Concert music series

James Melton in a 1940s studio portrait.

Harvest of Stars is a concert music series, produced and directed by Glen Heisch and starring James Melton. Sponsored by International Harvester, the program was broadcast on NBC and CBS from 1945 to 1950.

Raymond Massey was the host when the show began October 7, 1945, on Sunday afternoons from 2:30pm to 3:00pm, offering opera selections along with standards and show tunes under the direction of Howard Barlow. Frank Black was the musical director in the 1947 series. On April 7, 1948, the show moved to Wednesday evenings at 9:30pm. Victor Young took over as musical director on January 5, 1949.

Although usually emanating from New York, Harvest of Stars also toured for sell-out shows in major cities from San Francisco to Memphis. Guests included Bob Burns (doing a bazooka solo), Alfred Drake. Burl Ives. Dorothy Kirsten, Lauritz Melchior. Robert Merrill. Jan Peerce, Jane Powell, the Revelers (their first reunion since 1938), Lanny Ross, Rise Stevens, Alec Templeton, and Genevieve Rowe.

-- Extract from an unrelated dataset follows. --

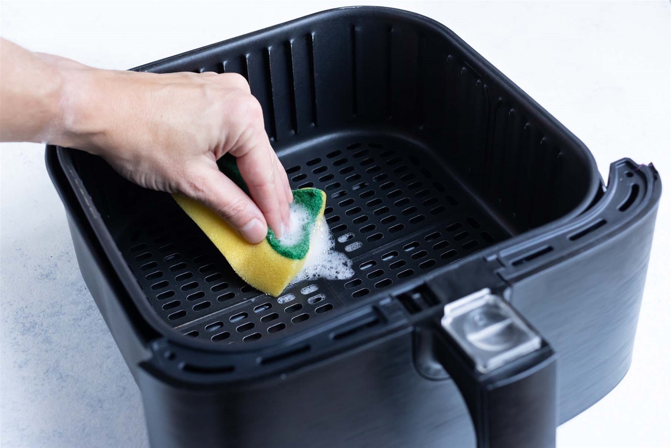 Rửa sạch giỏ chiên và khay hứng dầu bằng nước ấm và xà phòng.
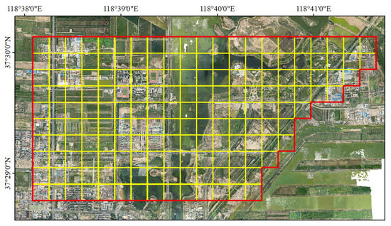 The method proposed in this paper was embedded into NewMap-IMS software, which is a reality modeling software that was independently developed by the authors at the Chinese Academy of Surveying and Mapping. A 4.0 km × 2.5 km built-up urban area in Shandong Province, China, was chosen as the experimental area. A 5-lens (1 vertical-view lens + 4 side-view lenses) UltraCam Osprey Prima (UCOp) camera was used in 29 flights to collect 11,795 images, totaling 2.08 TB of data. The corresponding reconstruction area is approximately 10 km2. The reconstruction area is divided into 173 subareas with a grid size of 250 m × 250 m, as shown in Figure 10. The operating environment is a standard personal computer equipped with the Windows 10 64-bit operating system, an Intel Xeon(R) E3-1535 M CPU with a dominant frequency of 3.10 GHz, and 64 GB of memory. The effectiveness and superiority of the proposed method are validated by comparatively analyzing the proposed method and the method proposed by Waechter et al. [8]. The experiments are composed of three parts: a comparative analysis of the texture reconstruction efficiency, a comparative analysis of the texture reconstruction results, and a comparative analysis of the number of texture charts.

Local International Harvester dealers ran tie-in ads with the radio series. For example, on April 20, 1949, the Orscheln Bros. dealership in Moberly, Missouri, advertised the company's Farmall tractor in the Moberly Monitor-Index and Democrat with a box at the bottom of the ad:
Listen!
Sunday afternoon
Listen!
Harvest of Stars starring James Melton will be heard on the NBC network Sunday afternoons at 4:30pm. Listen to it over Stations WDAF, Kansas City or KSD, St. Louis.

The final run of the program began April 3, 1949, on Sundays at 5:30pm, and the series concluded September 5, 1950.